I know a bank whereon the wild thyme blows,
Where oxlips and the nodding violet grows,
Quite over-canopied with luscious woodbine,
With sweet musk-roses and with eglantine:
There sleeps Titania some time of the night

“Where can I find plants to create a bank to impress Titania?”

First the easy ones: Various type of wild thyme (Thymus serpyllum), oxlips (Primula elatior – big, pale cowslips) and violets (probably Viola odorata – sweet violets) are to be found at nurseries specializing in herbs and native wild flowers – my ‘local’ is Iden Croft Herbs, Staplehurst, Kent.

Luscious woodbine has to be our native honeysuckle, Lonicera periclymenum – normally now found at most nurseries and garden centres in the form of ‘Belgica’ (early flowering) or ‘Serotina’ (late flowering).

(Even better, to my mind is the vigorous L. periclymenum ‘Graham Thomas’ which bears creamy-white definitely ‘luscious’-scented flowers over a very long period.)

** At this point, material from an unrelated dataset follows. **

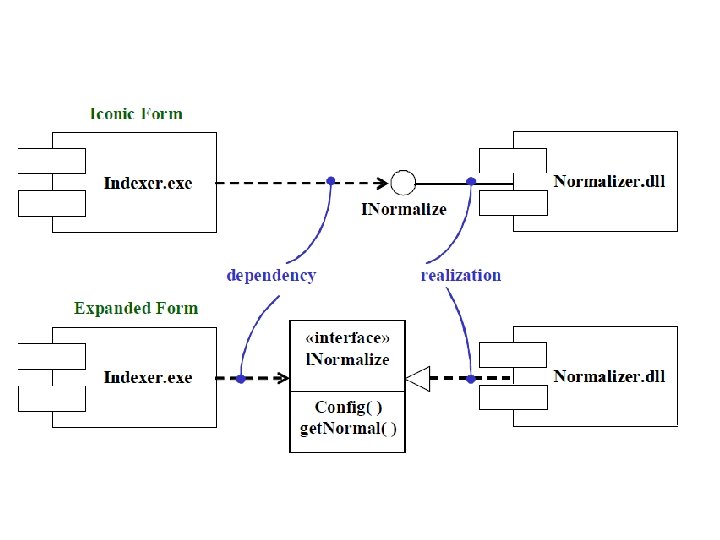 Propiedades de un Componente. 1. Es una parte de un sistema. 2. Es reemplazable. 3. Conforma y proporciona la realización de un conjunto de interfaces. 4. Es una unidad de despliegue independiente. 5. Puede ser conectado con otros componentes. 6. En una aplicación dada existirá una única copia. 7. Realiza una función bien definida (cohesión física y lógica). 8. Abarca más de una colaboración de clases. 9. Existe en el contexto de una arquitectura bien definida. 10. Presupone una infraestructura tecnológica que se piensa utilizar.

The roses are not quite so simple. Sweet musk rose is Rosa arvensis, and eglantine is Rosa rubignosa. Both of these are ‘wild’ European hedgerow roses, heavily scented but with a fairly short flowering season and good subsequent rosehips. They do best on quite limey soil.

I suggest you track down your local specialist rose nursery for these. However, be warned, few rose nurseries will supply them now until the autumn, the best rose-planting time being definitely over for this year.

Lucky old Titania – this beats polycotton sheets and a tired duvet hands down – in the summer months at least.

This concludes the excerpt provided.